Jednakże, podobnie jak większość pojęć w matematyce, często jest ono owiane żargonem i notacją matematyczną, co może początkowo wydawać się onieśmielające. Celem tego artykułu jest wyjaśnienie Ci analizy wariancji. Więc zacznijmy.

Wprowadzenie do analizy wariancji (ANOVA)

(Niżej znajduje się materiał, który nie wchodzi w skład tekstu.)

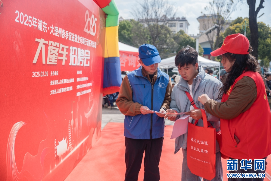 求職者在云南省蒙自市2025年“春風行動”專場招聘會上了解崗位信息(2月7日攝)。新華網發(薛瑩瑩 攝)
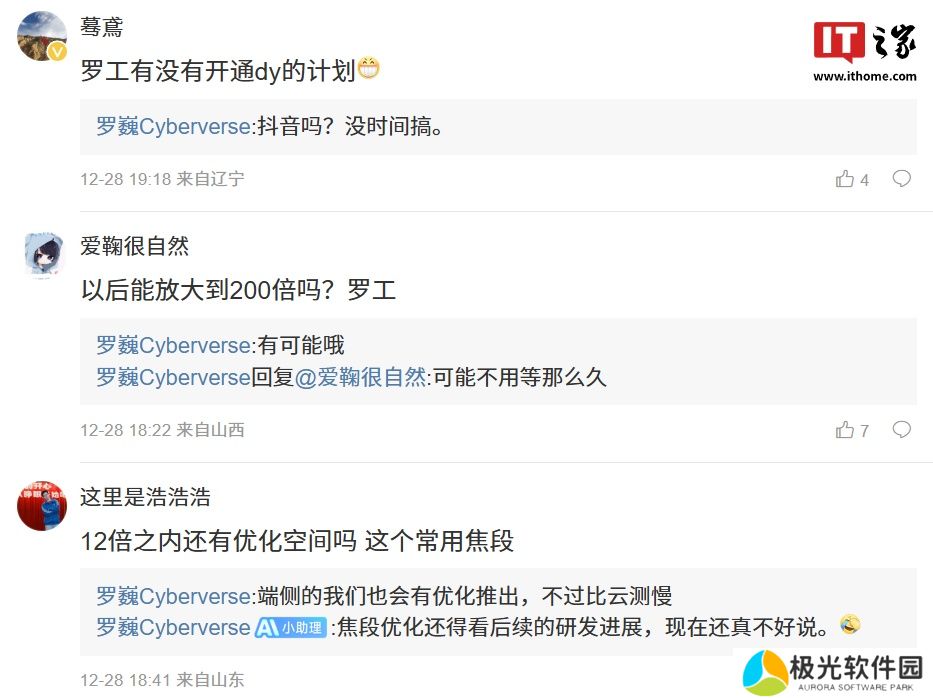 罗巍还在评论区中回复了部分网友的问题:针对荣耀手机以后是否会支持放大至 200 倍,他表示“有可能哦”;针对 12 倍以内长焦的后续优化计划,他称“端侧的我们也会有优化推出,不过比云测慢”。
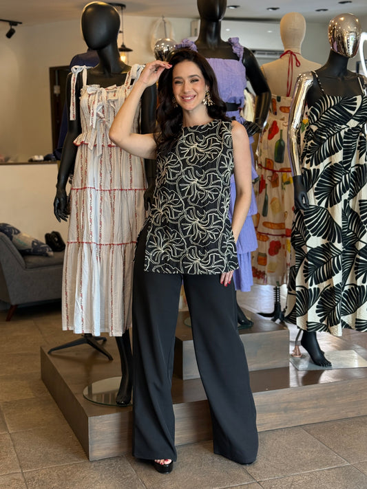 Midnight Leaf Embroidered Top
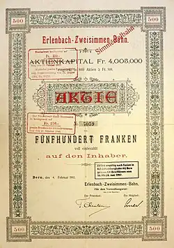 The SEZ was formed on 1 January 1942 from the merger of the Spiez-Erlenbach-Bahn (SEB), which opened the line from Spiez to Erlenbach on 16 August 1897, and the Erlenbach-Zweisimmen-Bahn (EZB), which opened the line from Erlenbach to Zweisimmen on 31 October 1902.
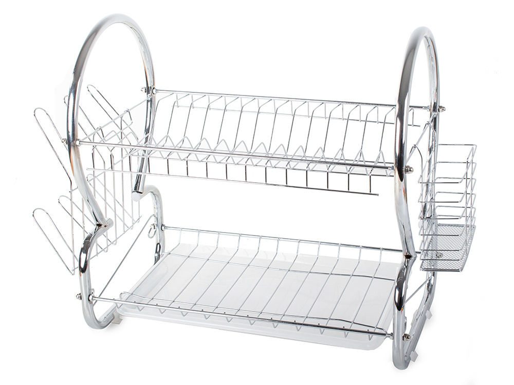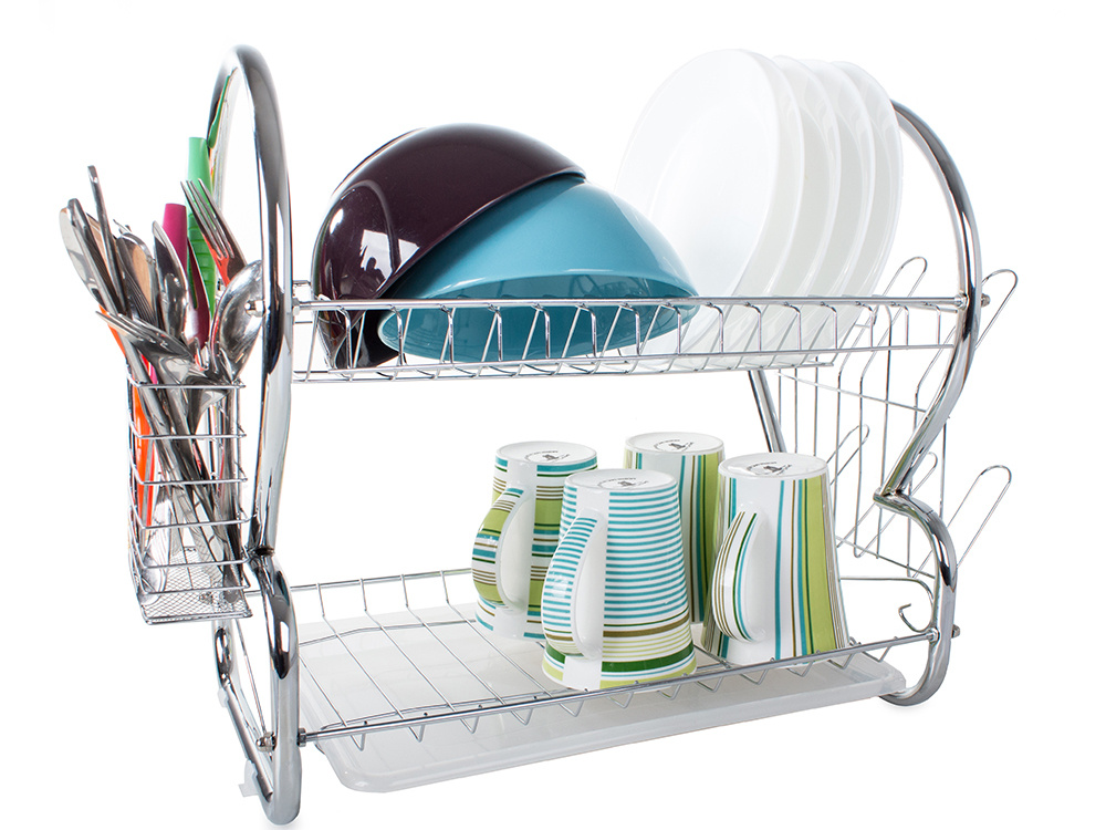 Divu līmeņu trauks žāvētājs ir neaizstājams aksesuārs katrā virtuvē. Tas ir ļoti praktisks, ar diviem līmeņiem, kas spēj uzņemt lielu daudzumu šķīvju, bļodu un glāžu. Turklāt tas ir aprīkots ar diviem piekārtiem turētājiem: viens galda piederumiem un otrs glāzēm.
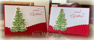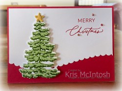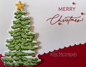 I created the tree using the Frosted Forest Decorative Masks and Garden Green ink. The tree is cut out using the coordinating Frosted Forest Die. I attached the tree to the card front using dimensionals. I stamped “Merry” and “Christmas” from the Greetings of the Season stamp set onto the right hand side of the Basic White card using Real Red ink.
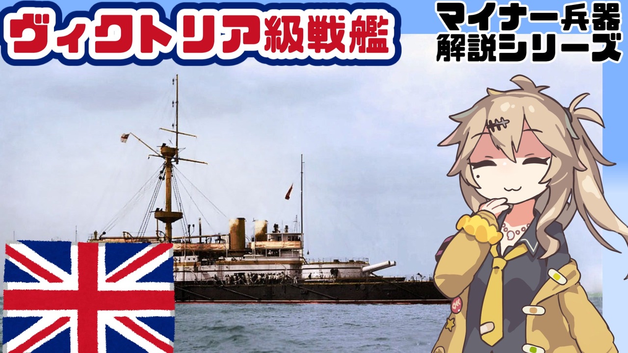 これ以降、ヴィクトリアの名を冠する英国軍艦は居ない(カナダとオーストラリアでは地名由来などでいる)ので、英国海軍で「ヴィクトリア」は忌み名扱いされてると思うぞ。<br><br><a href="https://www.nicovideo.jp/mylist/74547937" target="_blank" rel="noopener">mylist/74547937</a><br>Youtube版→<a href="https://youtu.be/6uuyGaHlx1g" target="_blank" rel="noopener nofollow">https://youtu.be/6uuyGaHlx1g</a><br><br>参考文献(Youtube版はより詳細に書いてる):<br>※動画内にも記載 <br>・英語版Wiki<br>・新見志郎著「軍艦と砲塔」(光人社 2018)<br>・木津 徹編「世界の艦船 1990年11月号増刊 第429集(増刊号第30集) イギリス戦艦史」(海人社 1990年)<br>サイトに関しては全部書こうとしたら600文字オーバーしたので書けない<br>動画内記述とYoutube版の概要欄で確かめてくれ!<br>(普通の解説者は1200文字程度で十分書ききれてるのだろうか?)<br><br>使用素材集<br>BGM:アヒルのテーマ(鋼鉄の咆哮3より)<br>Shape memory alloys<br>I'm A Rockstar-Supergarage<br>背景映像:昭和56年防衛庁記録 <a href="https://youtu.be/_MF8zGUFn_Y" target="_blank" rel="noopener nofollow">https://youtu.be/_MF8zGUFn_Y</a><br>いらすと:いらすとや様 Chat-GPT(イラスト使用時明記)

Zanim zaczniemy omawiać ANOVA, ważne jest zdefiniowanie i wyjaśnienie kilku terminów, aby ustalić pewne słownictwo. Zacznijmy więc od kilku bardzo kluczowych terminów: populacja, próba, wariancja i hipoteza.

Populacja

W statystyce populacja to cały zbiór, na podstawie którego można dokonywać obserwacji. Na przykład, gdybyśmy chcieli obliczyć średnią wielkość liścia konkretnego gatunku drzewa, populacja obejmowałaby wszystkie liście drzew tego gatunku. Byłoby to jednak kosztowne, jeśli nie niemożliwe. Zamiast tego używamy próbki.

Próbka

Próba to podzbiór populacji reprezentatywny dla populacji. Dlatego należy wybrać próbę losową z różnych części populacji. Próba jest wygodniejsza niż populacja, ponieważ zostanie dokonanych mniej obserwacji.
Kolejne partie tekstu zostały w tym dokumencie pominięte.